Mr Fisher said the envelope contained Joseph Samia's business card and a number of conditions relating to the business relationship between Angelo and Cadbury Schweppes.
Barrister Gary Hevey, for Mr Grotta, of Ryde, NSW, said his client was a former rugby league and soccer trainer who had a number of health issues.
He had been "invited to attend the room" where Mr Scott was and acted in a non-participating manner apart from his presence.
Tim Marsh, barrister for Mr Tamer, of Yagoona, NSW, told the court the incident took about 11 minutes from entry to exit and that his client knew nothing of the previous business dealings.
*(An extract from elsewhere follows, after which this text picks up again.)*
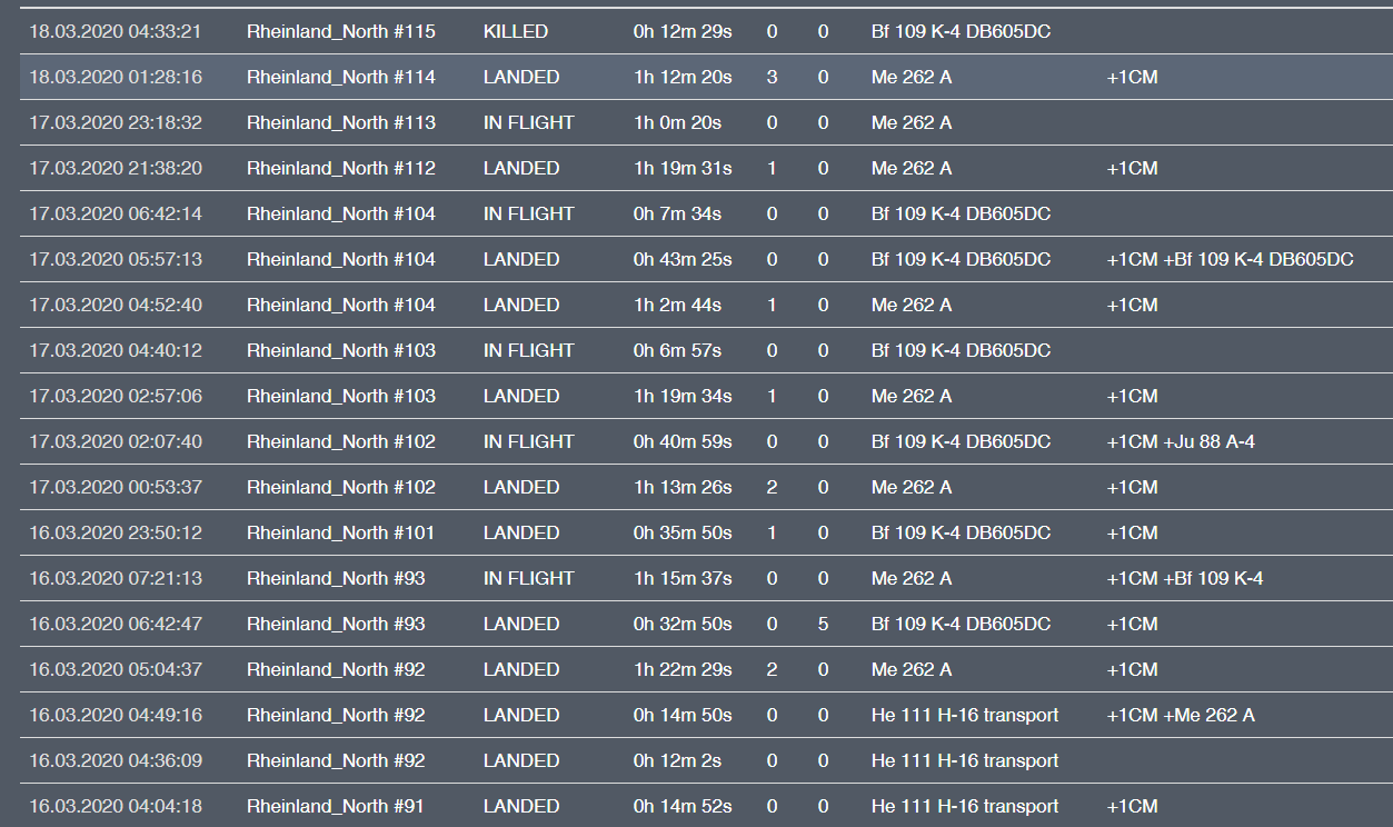 Falkenstein Posted March 19, 2020 Posted March 19, 2020 35 minutes ago, adler_68 said: i'm sure i did not see anything about this in the manual . if i missed it then pls excuse my oversight . From what I've seen, it's not on the manual webpage itself, I found it linked to in the changelog on the bottom of the webpage. May of 2019 gives us · 12.05.2019 Quote To reduce number of “suicidal” sorties there are 3 lives for each map (there are 8 maps in total during the campaign). If pilot dies, captured or disco his live counter is reduced by: 1 when he is in bigger team X when he is in smaller team where X = #smaller_team/#bigger_team. Example: Axis players: 28, Allied players: 20 so X for Allied is 20/28 = 0.71. Every time “Lives on map” counter (shown in pilots hangar) <= 0 then pilot has 24 hours time penalty. After this penalty counter is increased by 1 so he may fly again. July of 2019 changes the 24 hours to 20 hours: · 28.07.2019 Quote 20 hours time penalty when counter "Lives on Map" drop below 0. It was 24h before. (info: when this counter drops below 0 then it's automatically increased by 1) 1
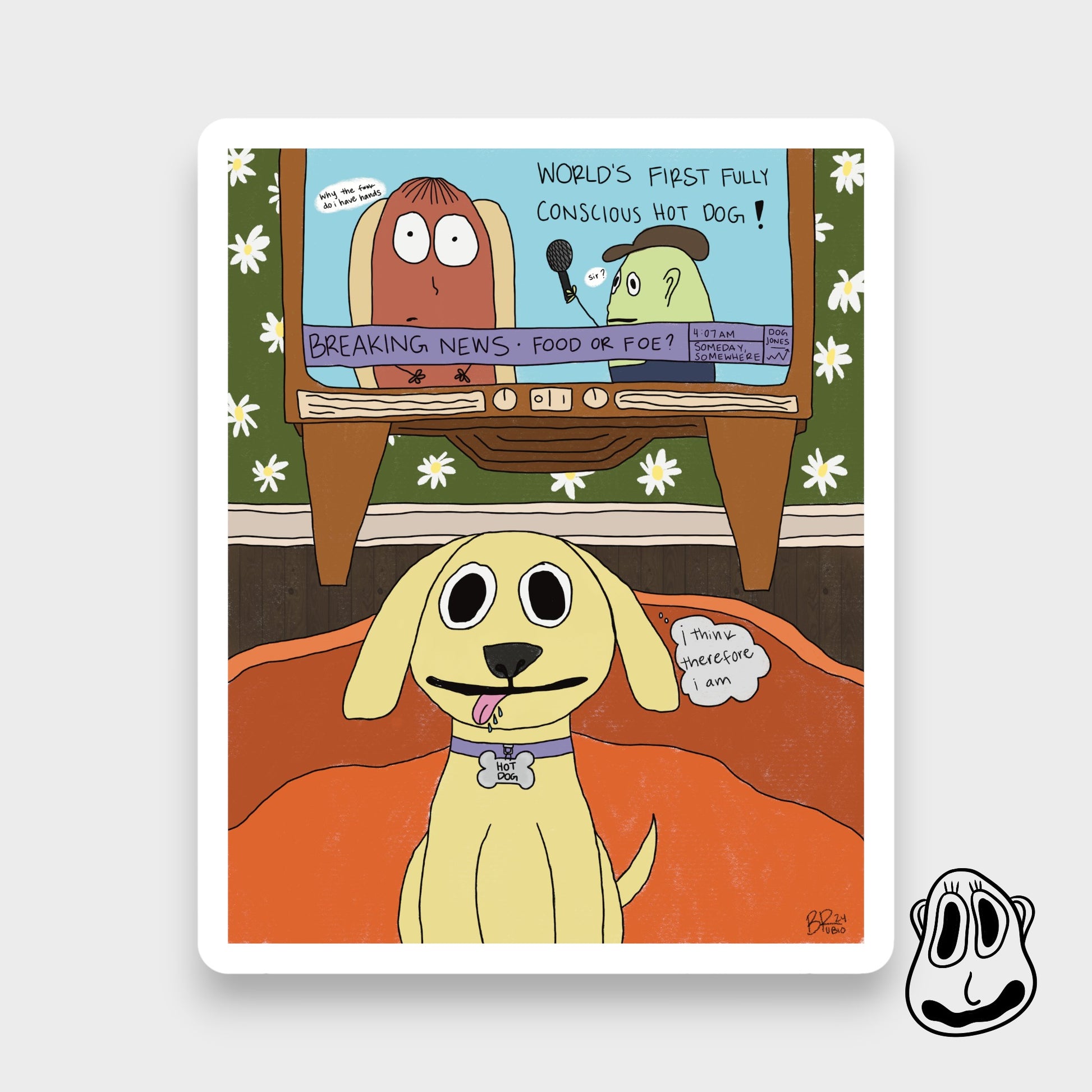 Hot Dog, I’m Conscious! Sticker | Handmade Original Art Waterproof Vinyl Sticker

He had been coached by Elias in the 2007 rugby sevens tournament for the Lebanese team, he said, and was now also on a disability support pension after being diagnosed with cancer in 2011.
Mr Fisher made no distinction between the conduct of the men and commented that "this was not ideally the way to do business".
Mr Scott had not wished to make a victim impact statement and recently said he just wanted to get on with his life.
Mr Fisher did not agree that the offending was at the lower end, submitting the words and actions were still serious and warranted a jail sentence.
In her sentencing remarks on Wednesday afternoon, Judge Patrick told each man it was "clear you made a bad decision to get involved in this exercise".
Judge Patrick noted the effect on Mr Scott and his fears for his family and young children, and that while there were threats and physical intimidation she agreed that for an offence of common law assault - which carries a maximum of five years' jail - it was at the lower end.
She told Elias, whose offence was committed while on parole for malicious wounding, he had an "unusual history" of successful sporting achievements and court appearances for dishonesty and violence.
Judge Patrick accepted the death of his father had left him without a male role model and that this, in part, explained his involvement in crime.
She also accepted that Grotta's role was limited to his physical presence and that Tamer - who had worked previously as primarily a sporting journalist for radio stations 2UE and 2GB - had considerable family support and no relevant prior offences.
In mitigation, Judge Patrick took into account the men's guilty pleas, which were expressions of remorse, and their utilitarian value and the delay from offence to resolution.
All had demonstrated positive progress towards rehabilitation, she added.
Elias was sentenced to five months' jail and his co-defendants to three months each, the terms wholly suspended for 12 months.